Optimizing the Productivity of Gas/Condensate Wells

Abstract

Abstract Gas-condensate reservoirs exhibit complex phase and flow behaviors due to the appearance of condensate banking in the near-well region. A good understanding of how the condensate accumulation influences the productivity and the composition configuration in the liquid phase is very important to optimize the producing strategy, to reduce the impact of condensate banking, and to improve the ultimate gas recovery. This study addressed several issues related to the behavior of the composition variation, condensate saturation build-up and condensate recovery during the gas-condensate producing process.

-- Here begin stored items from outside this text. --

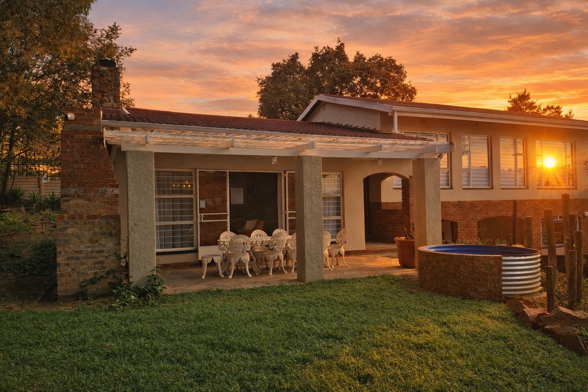 Maison Rosina (The Rosina House) A lovely fully fledged self-styled 3 bedroom quaint bohemian space with modern finishes, this space offers amazing views of the Sunset and Pilanesberg Safari park mountains from your patio. Located on the foothills of the serene Pilanesburg mountains, tucked away in a lovely old peaceful neighbourhood bordering the safari park, a perfect home away from home whilst you venture into the wild of the Pilanesberg safari park.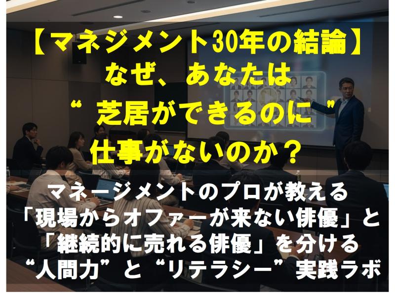 【マネージメント30年が語る】なぜ、あなたは "芝居ができるのに" 仕事が続かないのか? 無名から全国区になった個性派バイプレーヤー、ハリウッド作品出演俳優、ベテラン実力派俳優を支えたマネージメントが「現場からオファーが来ない俳優」と「継続的に売れる俳優」を分ける “ヒューマンスキル(人間力)”と“リテラシー(知識と活用能力)”を学ぶ実践セミナーを開催します。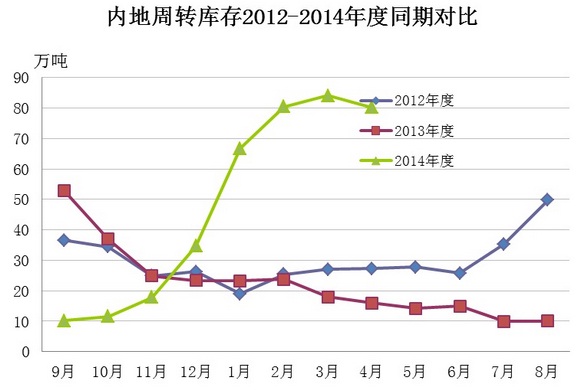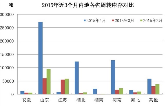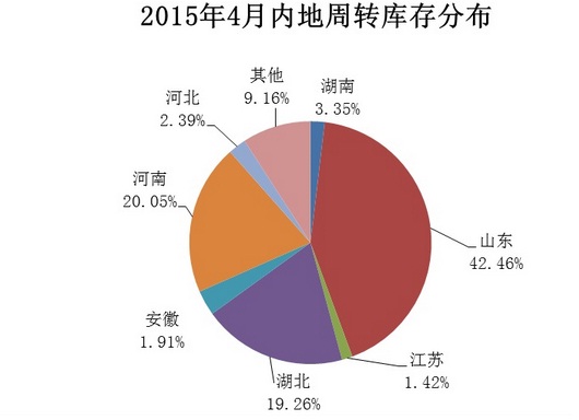 從內(nèi)地庫存量來看,山東庫存量最大,其次是河南、湖北;從庫存變化看,該月山東庫存量增長最多,占比為42.5%,環(huán)比上升15個百分點,江蘇庫存下降最明顯,環(huán)比下降21個百分點,僅占內(nèi)地庫存量的1.4%;此外河南占比20%,環(huán)比上升3個百分點;湖北占比19%,上升2個百分點。其他地區(qū)變動不大。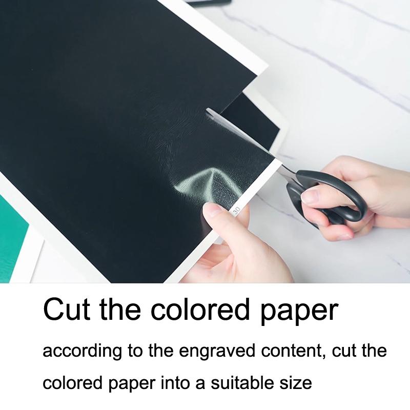 3. Κόψτε το χρωματιστό χαρτί: σύμφωνα με το χαραγμένο περιεχόμενο, κόψτε το χρωματιστό χαρτί σε κατάλληλο μέγεθος
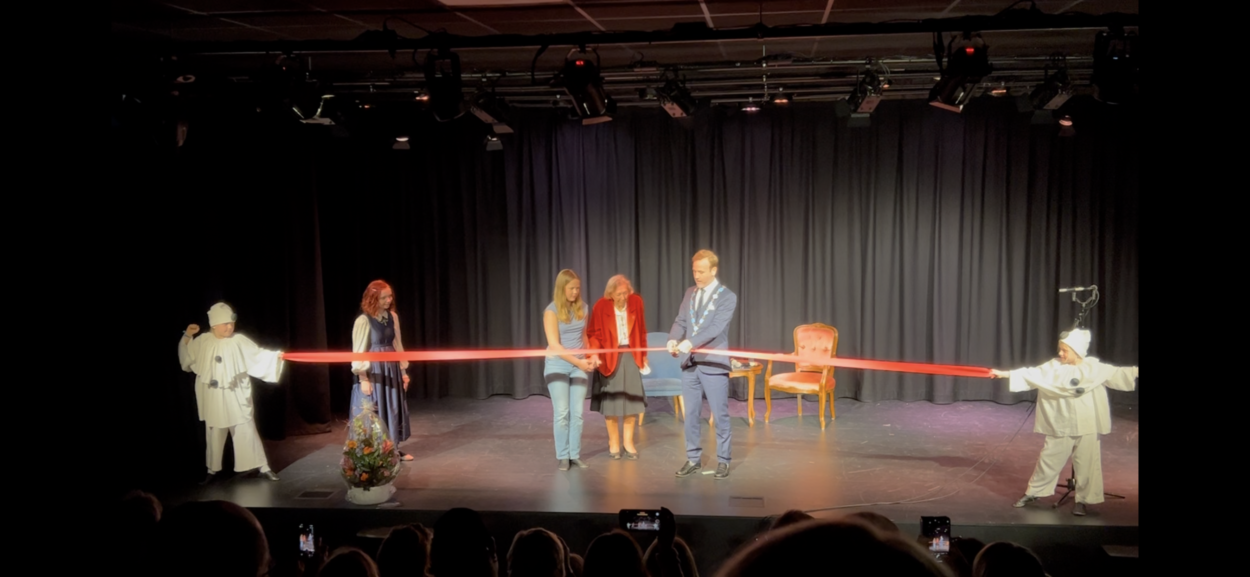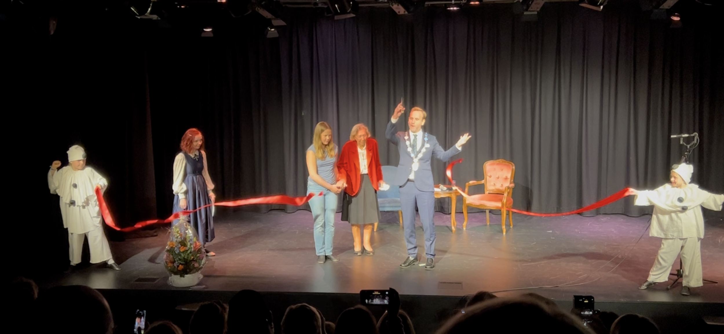 Høytidens høydepunkt kom da ordfører Nils Konrad Bua, sammen med Turid Bakkevik og Amalie Vedøy, klippet snoren og offisielt erklærte Parkteatret for åpnet – til stor applaus fra salen.

A key factor that controls the gas-condensate well deliverability is the relative permeability, which is influenced directly by the condensate accumulation. The accumulated condensate bank not only reduces both the gas and liquid relative permeability, but also changes the phase composition of the reservoir fluid, hence reshapes the phase diagram of reservoir fluid and varies the fluid properties. Different producing strategies may impact the composition configuration for both flowing and static phases and the amount of the liquid trapped in the reservoir, which in turn may influence the well productivity and hence the ultimate gas and liquid recovery from the reservoir. Changing the manner in which the well is brought into flowing condition can affect the liquid dropout composition and can therefore change the degree of productivity loss. In this study, compositional simulations of multicomponent gas-condensate fluids were conducted at field scale to investigate the composition and condensate saturation variations. Different producing strategies have been compared, and the optimum producing sequences are suggested for maximum gas recovery. A core flooding experiment with two- component synthetic gas-condensate was designed and constructed to model gas-condensate production behavior from pressure above the dew-point to below. Experimental observations of gas-condensate production confirm the dramatic changes in the liquid composition seen in the simulations.